Copy the data below exactly, omitting any picture it contains.

-*-

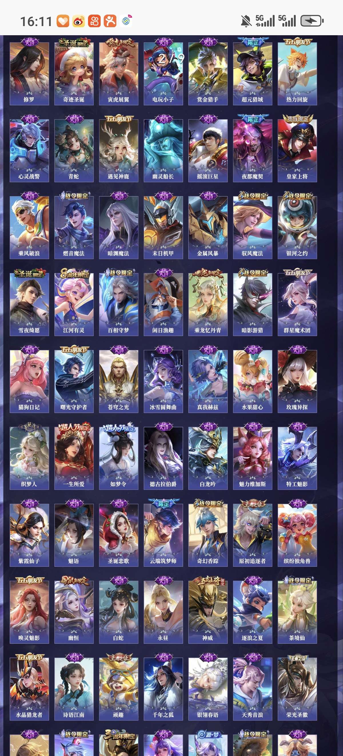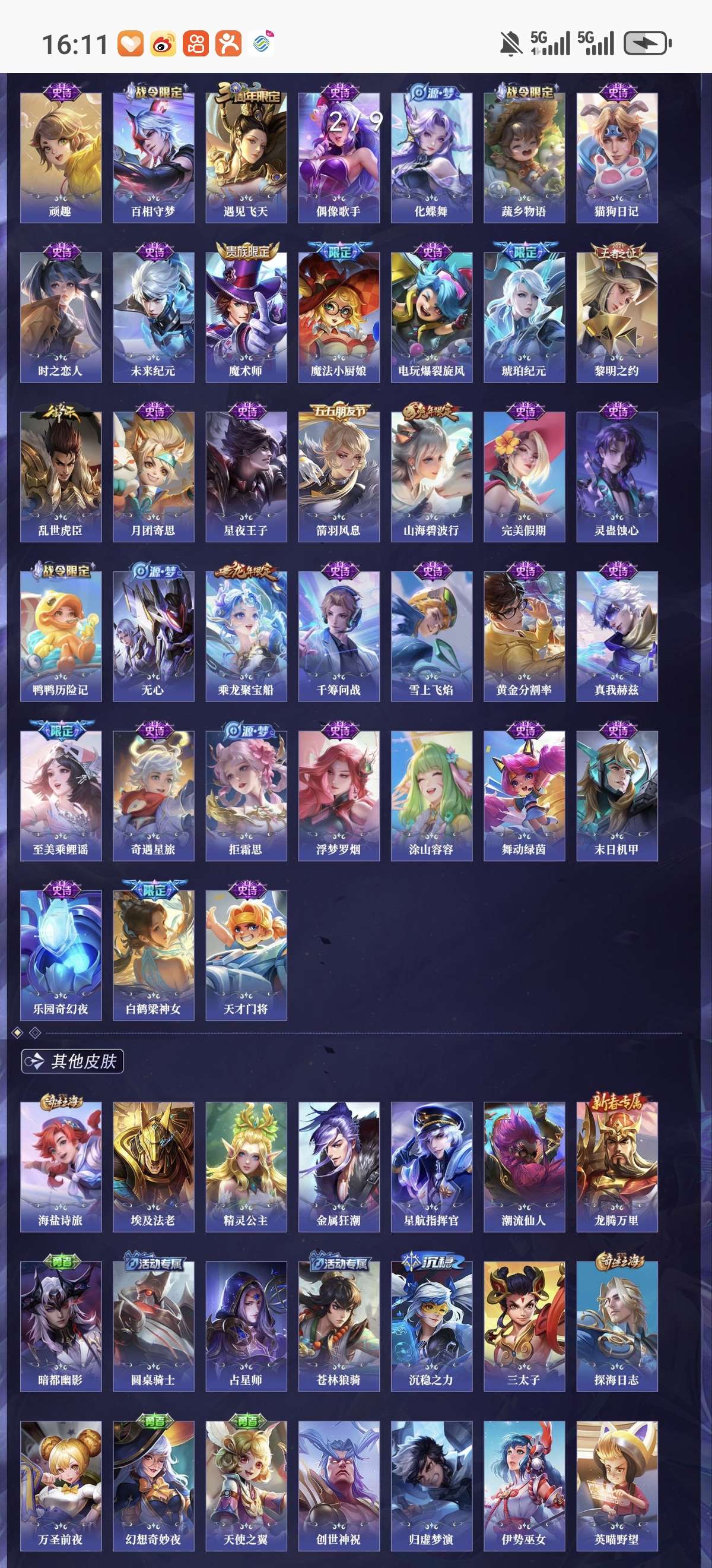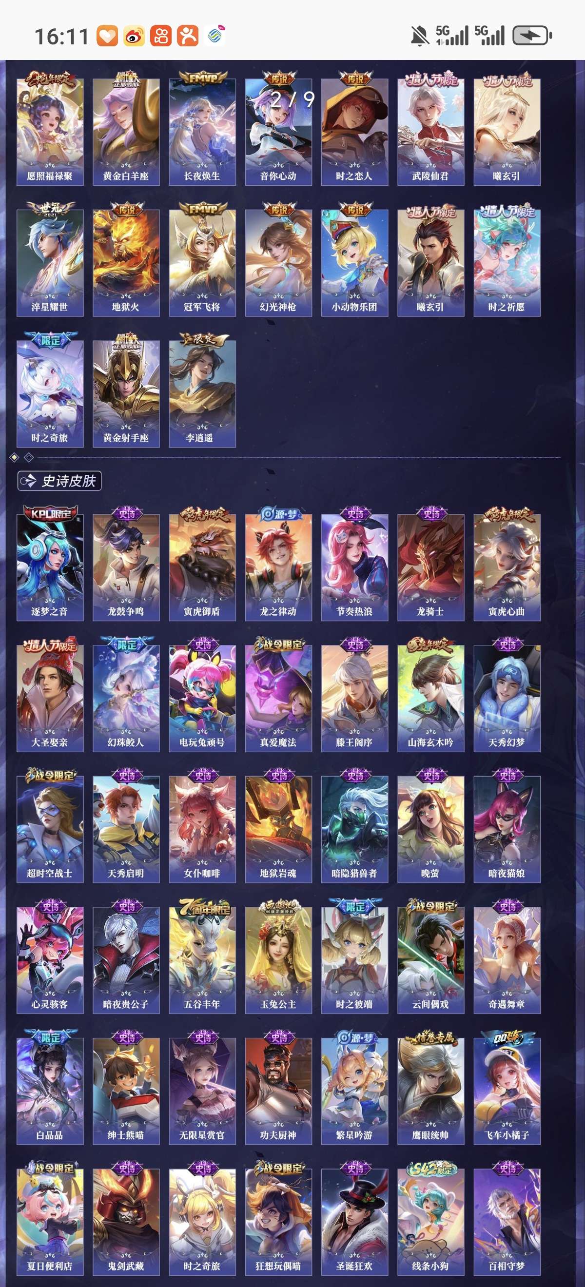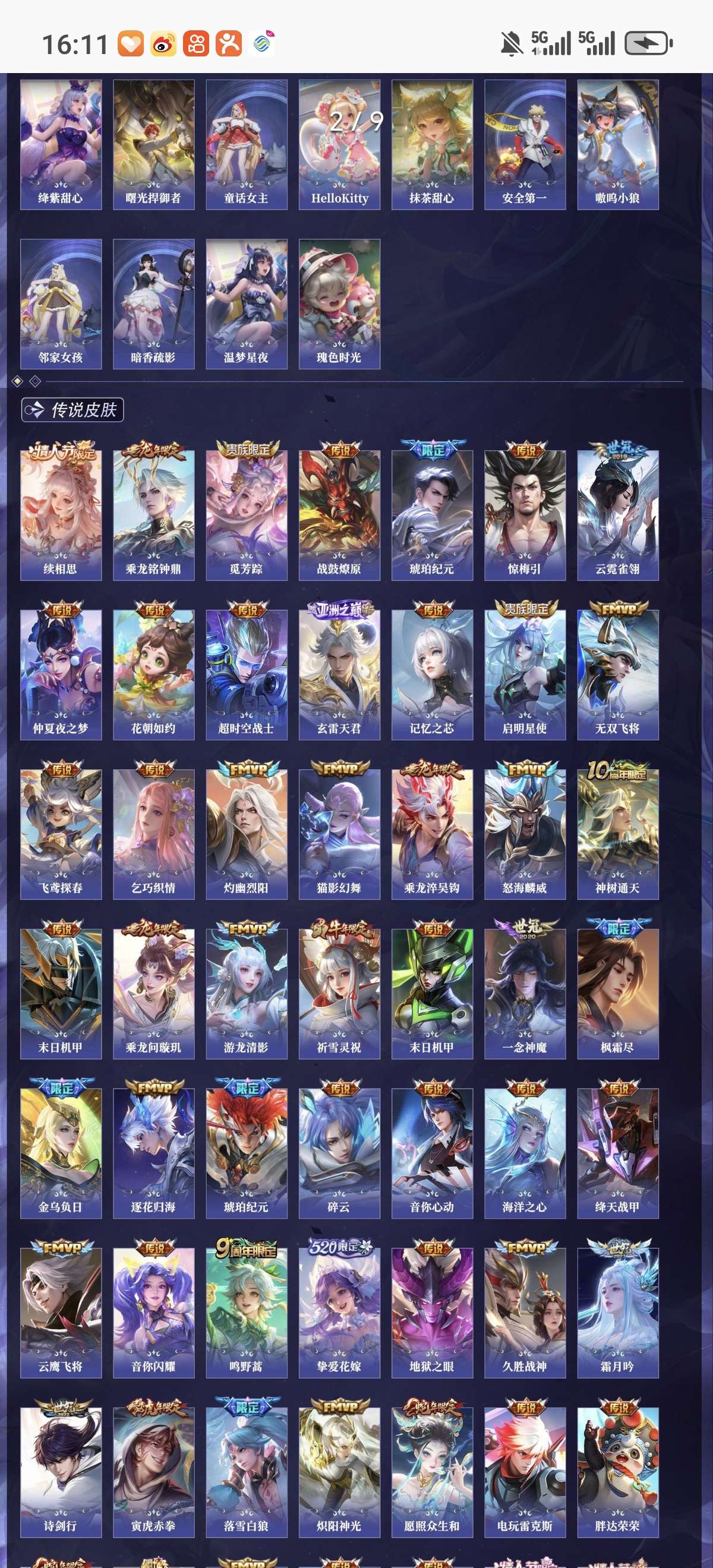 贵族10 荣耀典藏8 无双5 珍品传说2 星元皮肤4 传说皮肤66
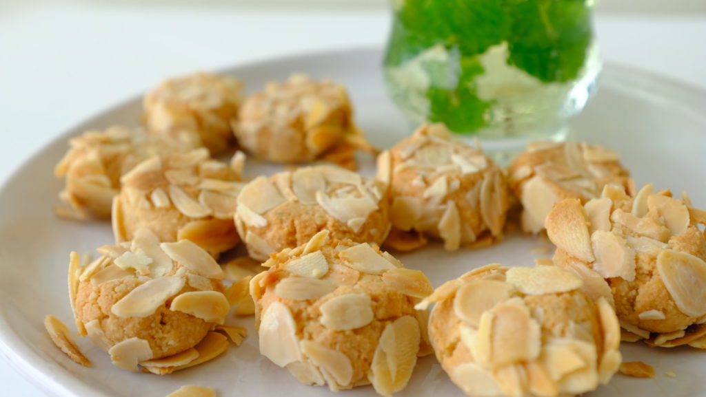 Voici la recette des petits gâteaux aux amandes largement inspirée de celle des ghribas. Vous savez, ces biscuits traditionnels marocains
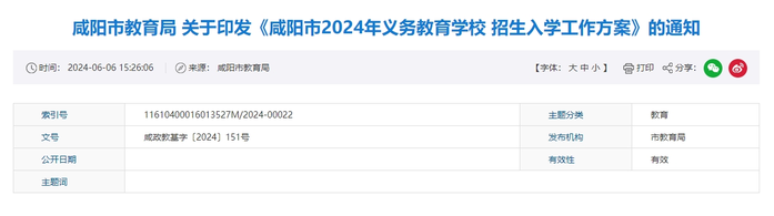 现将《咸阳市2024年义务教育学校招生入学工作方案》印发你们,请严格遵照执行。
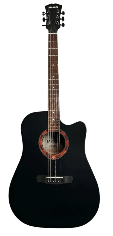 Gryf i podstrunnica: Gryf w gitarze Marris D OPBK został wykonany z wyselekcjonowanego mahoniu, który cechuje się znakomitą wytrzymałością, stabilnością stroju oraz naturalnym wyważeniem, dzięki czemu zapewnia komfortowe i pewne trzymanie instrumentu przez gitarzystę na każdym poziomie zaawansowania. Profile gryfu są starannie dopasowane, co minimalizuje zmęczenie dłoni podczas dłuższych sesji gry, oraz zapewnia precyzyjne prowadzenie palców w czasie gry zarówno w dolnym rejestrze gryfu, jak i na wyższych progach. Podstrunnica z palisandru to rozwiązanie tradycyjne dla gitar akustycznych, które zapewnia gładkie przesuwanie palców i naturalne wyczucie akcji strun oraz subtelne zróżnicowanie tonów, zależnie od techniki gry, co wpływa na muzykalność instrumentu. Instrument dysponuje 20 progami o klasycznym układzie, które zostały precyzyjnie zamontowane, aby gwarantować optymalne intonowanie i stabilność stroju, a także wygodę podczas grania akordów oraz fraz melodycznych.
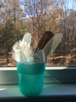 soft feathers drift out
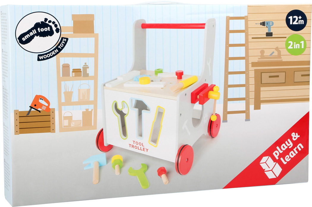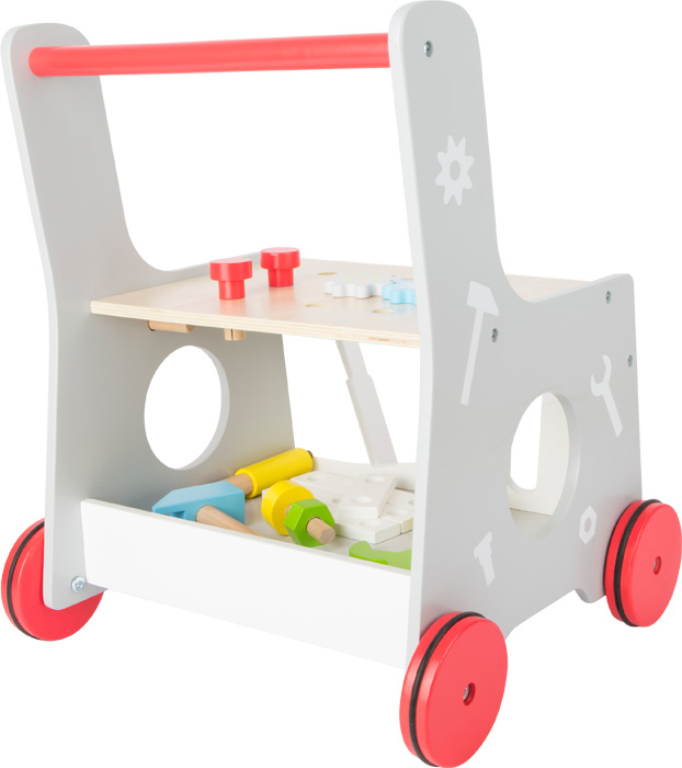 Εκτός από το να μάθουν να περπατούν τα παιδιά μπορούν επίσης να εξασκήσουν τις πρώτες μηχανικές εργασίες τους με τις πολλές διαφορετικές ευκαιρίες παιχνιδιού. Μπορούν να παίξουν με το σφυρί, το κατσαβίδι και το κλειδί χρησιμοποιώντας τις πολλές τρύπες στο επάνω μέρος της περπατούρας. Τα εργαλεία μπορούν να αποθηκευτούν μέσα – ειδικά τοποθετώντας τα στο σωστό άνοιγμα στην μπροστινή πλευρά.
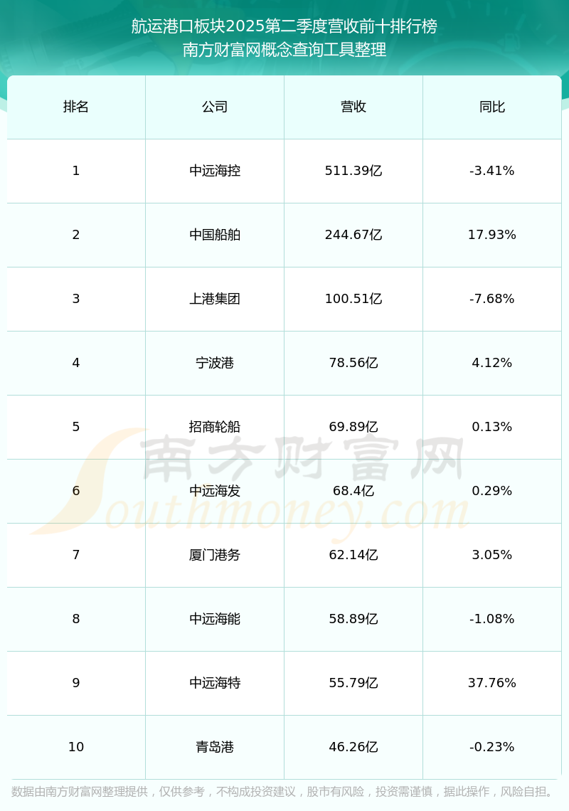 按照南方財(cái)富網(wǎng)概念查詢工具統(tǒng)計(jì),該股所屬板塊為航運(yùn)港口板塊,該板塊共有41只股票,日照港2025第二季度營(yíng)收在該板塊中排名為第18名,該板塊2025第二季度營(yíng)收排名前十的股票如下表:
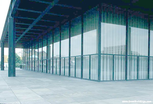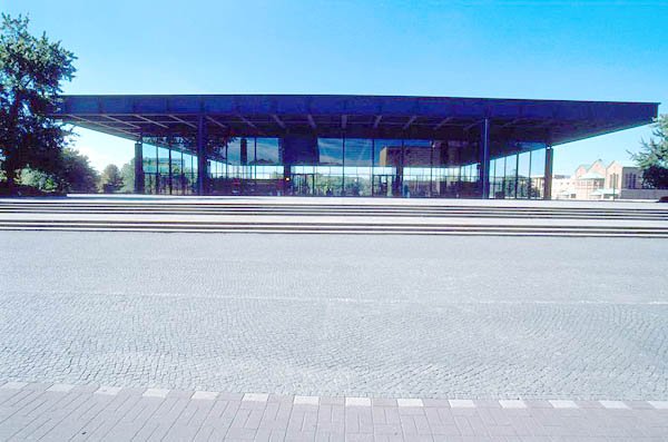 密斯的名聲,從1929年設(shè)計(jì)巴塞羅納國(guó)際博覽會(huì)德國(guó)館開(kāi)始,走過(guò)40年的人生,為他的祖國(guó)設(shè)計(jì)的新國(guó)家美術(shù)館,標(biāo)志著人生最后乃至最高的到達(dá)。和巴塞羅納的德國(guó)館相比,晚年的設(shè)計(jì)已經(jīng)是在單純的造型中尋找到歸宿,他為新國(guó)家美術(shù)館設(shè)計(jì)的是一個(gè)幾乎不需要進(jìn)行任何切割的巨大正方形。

-*-

ANSWER TO THIS TASK
 贵族10 荣耀典藏8 无双5 珍品传说2 星元皮肤4 传说皮肤66
 Voici la recette des petits gâteaux aux amandes largement inspirée de celle des ghribas. Vous savez, ces biscuits traditionnels marocains
 现将《咸阳市2024年义务教育学校招生入学工作方案》印发你们,请严格遵照执行。
 Gryf i podstrunnica: Gryf w gitarze Marris D OPBK został wykonany z wyselekcjonowanego mahoniu, który cechuje się znakomitą wytrzymałością, stabilnością stroju oraz naturalnym wyważeniem, dzięki czemu zapewnia komfortowe i pewne trzymanie instrumentu przez gitarzystę na każdym poziomie zaawansowania. Profile gryfu są starannie dopasowane, co minimalizuje zmęczenie dłoni podczas dłuższych sesji gry, oraz zapewnia precyzyjne prowadzenie palców w czasie gry zarówno w dolnym rejestrze gryfu, jak i na wyższych progach. Podstrunnica z palisandru to rozwiązanie tradycyjne dla gitar akustycznych, które zapewnia gładkie przesuwanie palców i naturalne wyczucie akcji strun oraz subtelne zróżnicowanie tonów, zależnie od techniki gry, co wpływa na muzykalność instrumentu. Instrument dysponuje 20 progami o klasycznym układzie, które zostały precyzyjnie zamontowane, aby gwarantować optymalne intonowanie i stabilność stroju, a także wygodę podczas grania akordów oraz fraz melodycznych.
 soft feathers drift out
 Εκτός από το να μάθουν να περπατούν τα παιδιά μπορούν επίσης να εξασκήσουν τις πρώτες μηχανικές εργασίες τους με τις πολλές διαφορετικές ευκαιρίες παιχνιδιού. Μπορούν να παίξουν με το σφυρί, το κατσαβίδι και το κλειδί χρησιμοποιώντας τις πολλές τρύπες στο επάνω μέρος της περπατούρας. Τα εργαλεία μπορούν να αποθηκευτούν μέσα – ειδικά τοποθετώντας τα στο σωστό άνοιγμα στην μπροστινή πλευρά.
 按照南方財(cái)富網(wǎng)概念查詢工具統(tǒng)計(jì),該股所屬板塊為航運(yùn)港口板塊,該板塊共有41只股票,日照港2025第二季度營(yíng)收在該板塊中排名為第18名,該板塊2025第二季度營(yíng)收排名前十的股票如下表:
 密斯的名聲,從1929年設(shè)計(jì)巴塞羅納國(guó)際博覽會(huì)德國(guó)館開(kāi)始,走過(guò)40年的人生,為他的祖國(guó)設(shè)計(jì)的新國(guó)家美術(shù)館,標(biāo)志著人生最后乃至最高的到達(dá)。和巴塞羅納的德國(guó)館相比,晚年的設(shè)計(jì)已經(jīng)是在單純的造型中尋找到歸宿,他為新國(guó)家美術(shù)館設(shè)計(jì)的是一個(gè)幾乎不需要進(jìn)行任何切割的巨大正方形。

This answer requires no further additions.